(EXERCISE DESCRIPTION)
Begin at the line containing "親子 ペアルック 親子コーデ" in the entries below and end at the line containing "选择西装外套时,尽量挑选款式"; transcribe that range exactly and nothing outside it.

(EXCERPTED RECORDS)
|---|

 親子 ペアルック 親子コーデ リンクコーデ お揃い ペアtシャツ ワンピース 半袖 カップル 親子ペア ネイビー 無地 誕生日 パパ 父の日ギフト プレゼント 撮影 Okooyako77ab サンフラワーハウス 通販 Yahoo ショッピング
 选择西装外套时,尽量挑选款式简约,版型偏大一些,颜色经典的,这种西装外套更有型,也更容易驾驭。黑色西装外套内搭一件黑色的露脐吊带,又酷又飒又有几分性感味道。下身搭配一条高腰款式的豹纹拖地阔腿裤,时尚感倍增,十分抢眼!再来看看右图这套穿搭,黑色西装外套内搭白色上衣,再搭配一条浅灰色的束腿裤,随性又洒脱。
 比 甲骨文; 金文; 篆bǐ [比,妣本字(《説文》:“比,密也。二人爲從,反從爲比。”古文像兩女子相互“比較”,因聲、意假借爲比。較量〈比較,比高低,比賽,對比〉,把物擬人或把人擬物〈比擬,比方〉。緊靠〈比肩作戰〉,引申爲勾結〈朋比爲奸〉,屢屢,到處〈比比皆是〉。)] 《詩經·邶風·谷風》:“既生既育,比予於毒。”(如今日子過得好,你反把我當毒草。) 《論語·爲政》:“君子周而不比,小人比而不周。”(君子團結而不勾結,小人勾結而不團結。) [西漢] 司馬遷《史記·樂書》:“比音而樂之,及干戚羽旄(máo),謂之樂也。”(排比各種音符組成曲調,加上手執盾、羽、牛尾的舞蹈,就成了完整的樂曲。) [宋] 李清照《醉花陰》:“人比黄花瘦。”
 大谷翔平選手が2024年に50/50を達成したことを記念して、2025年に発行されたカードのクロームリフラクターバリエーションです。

|---|

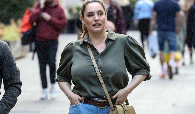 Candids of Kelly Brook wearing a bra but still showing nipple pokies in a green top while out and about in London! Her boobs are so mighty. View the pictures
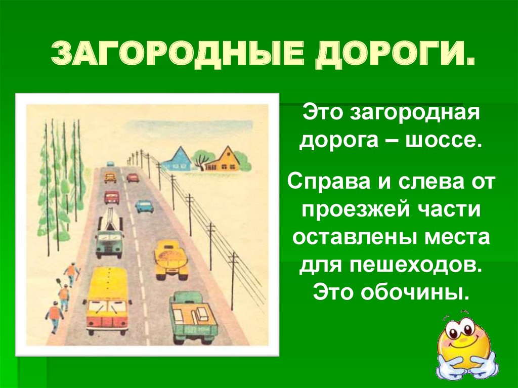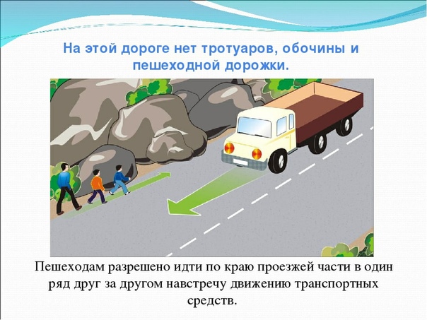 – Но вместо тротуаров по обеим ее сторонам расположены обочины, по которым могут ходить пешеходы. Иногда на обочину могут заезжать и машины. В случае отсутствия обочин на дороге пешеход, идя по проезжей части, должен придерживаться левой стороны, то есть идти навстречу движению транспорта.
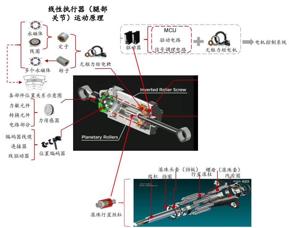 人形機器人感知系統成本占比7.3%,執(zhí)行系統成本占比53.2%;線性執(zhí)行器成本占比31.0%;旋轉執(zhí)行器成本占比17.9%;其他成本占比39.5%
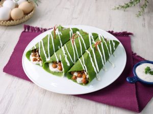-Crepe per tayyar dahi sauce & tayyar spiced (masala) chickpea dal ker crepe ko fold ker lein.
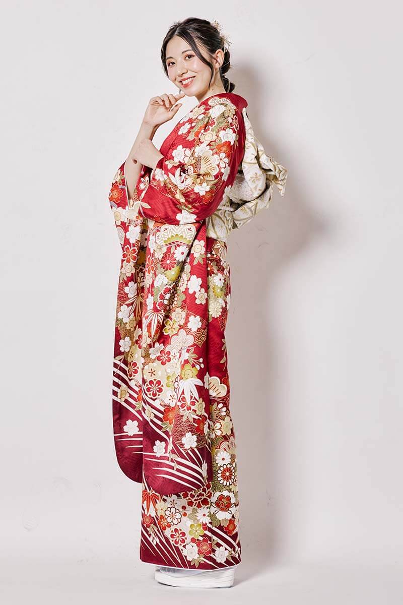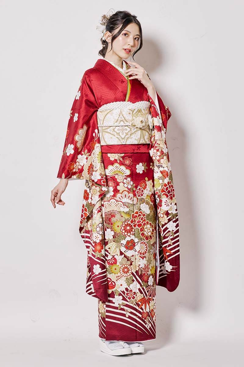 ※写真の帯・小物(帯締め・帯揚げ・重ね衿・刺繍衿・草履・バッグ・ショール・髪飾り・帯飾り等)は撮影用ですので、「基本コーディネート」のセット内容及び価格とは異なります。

|---|

(ANSWER)
 親子 ペアルック 親子コーデ リンクコーデ お揃い ペアtシャツ ワンピース 半袖 カップル 親子ペア ネイビー 無地 誕生日 パパ 父の日ギフト プレゼント 撮影 Okooyako77ab サンフラワーハウス 通販 Yahoo ショッピング
 选择西装外套时,尽量挑选款式简约,版型偏大一些,颜色经典的,这种西装外套更有型,也更容易驾驭。黑色西装外套内搭一件黑色的露脐吊带,又酷又飒又有几分性感味道。下身搭配一条高腰款式的豹纹拖地阔腿裤,时尚感倍增,十分抢眼!再来看看右图这套穿搭,黑色西装外套内搭白色上衣,再搭配一条浅灰色的束腿裤,随性又洒脱。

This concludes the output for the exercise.